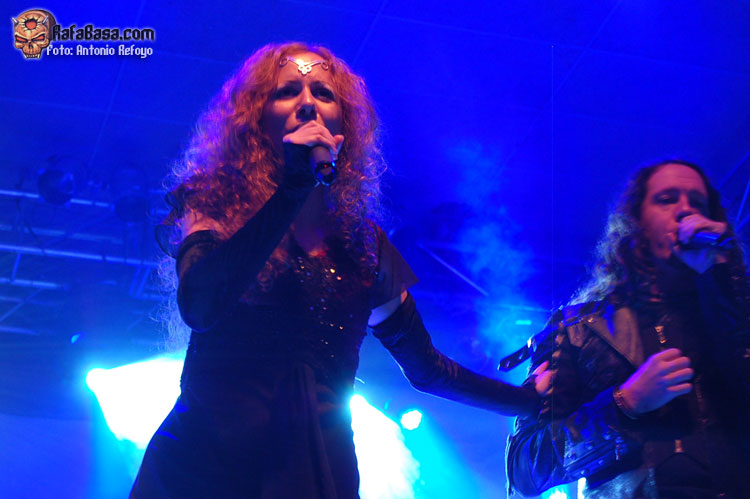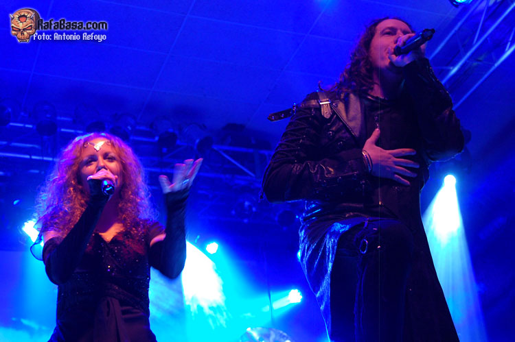 Espectacular fue también la presencia y la voz de Sassy Bernert. La vocalista alemana que colabora en "Ascending To Infinity", disco que nos presentaban esta noche, apareció en varios momentos del show, marcándose unos duetos inmejorables con un Alessandro Conti pleno de voz. Su registro tiene los límites a alturas insospechadas, y aunque en comparación a Fabo Lione este puede eludir más los tonos graves, es capaz de hacer volar su voz por encima de orquestaciones con una potencia y un chorro vocal inagotable.
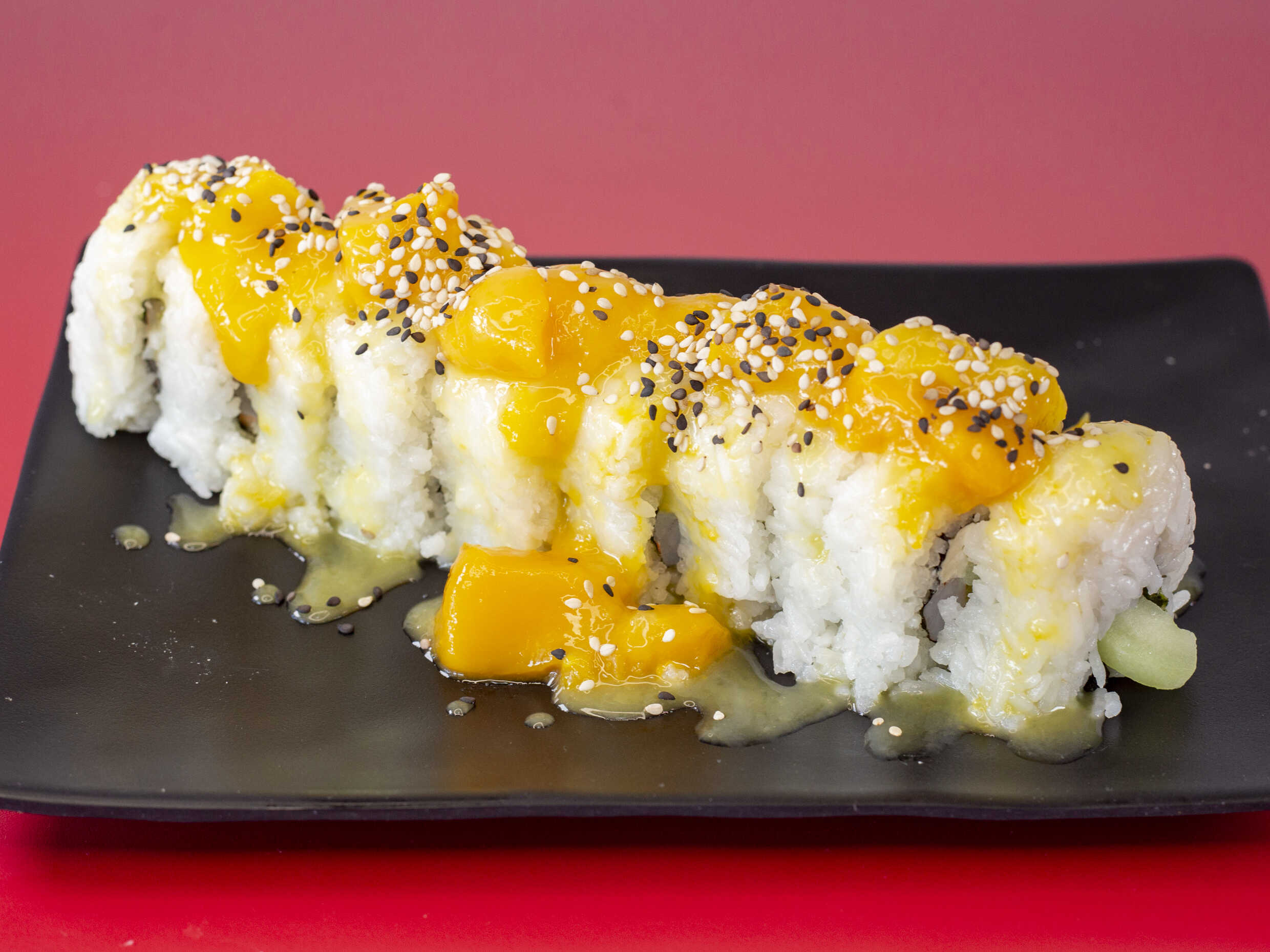 Rolo natural relleno de camarón queso philadelphia y pepino. Por fuera trocitos de mango, salsa de mango, ajonjolí y anguila.
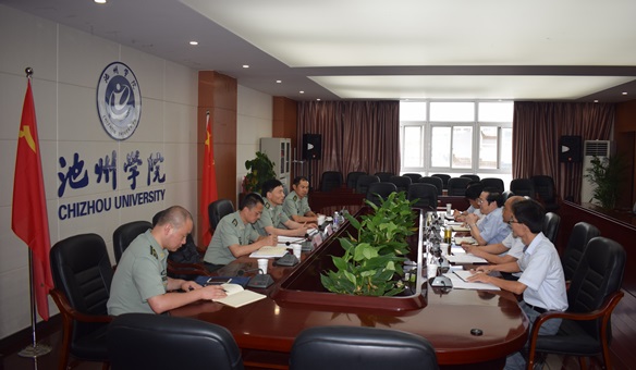 8月9日,池州市军分区副司令员苏定方率队来beat365官网调研大学生征兵和军训工作。校党委副书记孙晓峰在行政北三楼会议室主持召开座谈会,办公室、学生处、武装部、团委等部门负责人参加了会议。
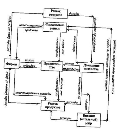 Схема взаимодействия между решениями домашних хозяйств о расходах и решениям фирм по поводу производства остается прежней, хотя и усложняется: с помощью трансфертов, субсидий, налогов и других экономических инструментов государство регулирует колебания в уровнях производства, занятости и инфляции. [13, c. 179]
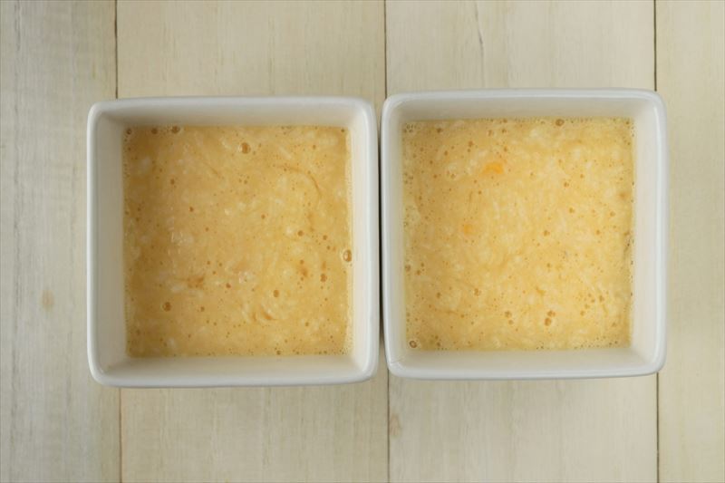 長いもはすりおろし卵と混ぜ合わせ耐熱容器に流しいれる。

→ WHAT THE TASK ASKS:
Leave out any pictures, please, and quote only the lines from the top of the data through the line that contains "Rolo natural relleno".

→ OUTPUT FOR THIS EXERCISE:
 Espectacular fue también la presencia y la voz de Sassy Bernert. La vocalista alemana que colabora en "Ascending To Infinity", disco que nos presentaban esta noche, apareció en varios momentos del show, marcándose unos duetos inmejorables con un Alessandro Conti pleno de voz. Su registro tiene los límites a alturas insospechadas, y aunque en comparación a Fabo Lione este puede eludir más los tonos graves, es capaz de hacer volar su voz por encima de orquestaciones con una potencia y un chorro vocal inagotable.
 Rolo natural relleno de camarón queso philadelphia y pepino. Por fuera trocitos de mango, salsa de mango, ajonjolí y anguila.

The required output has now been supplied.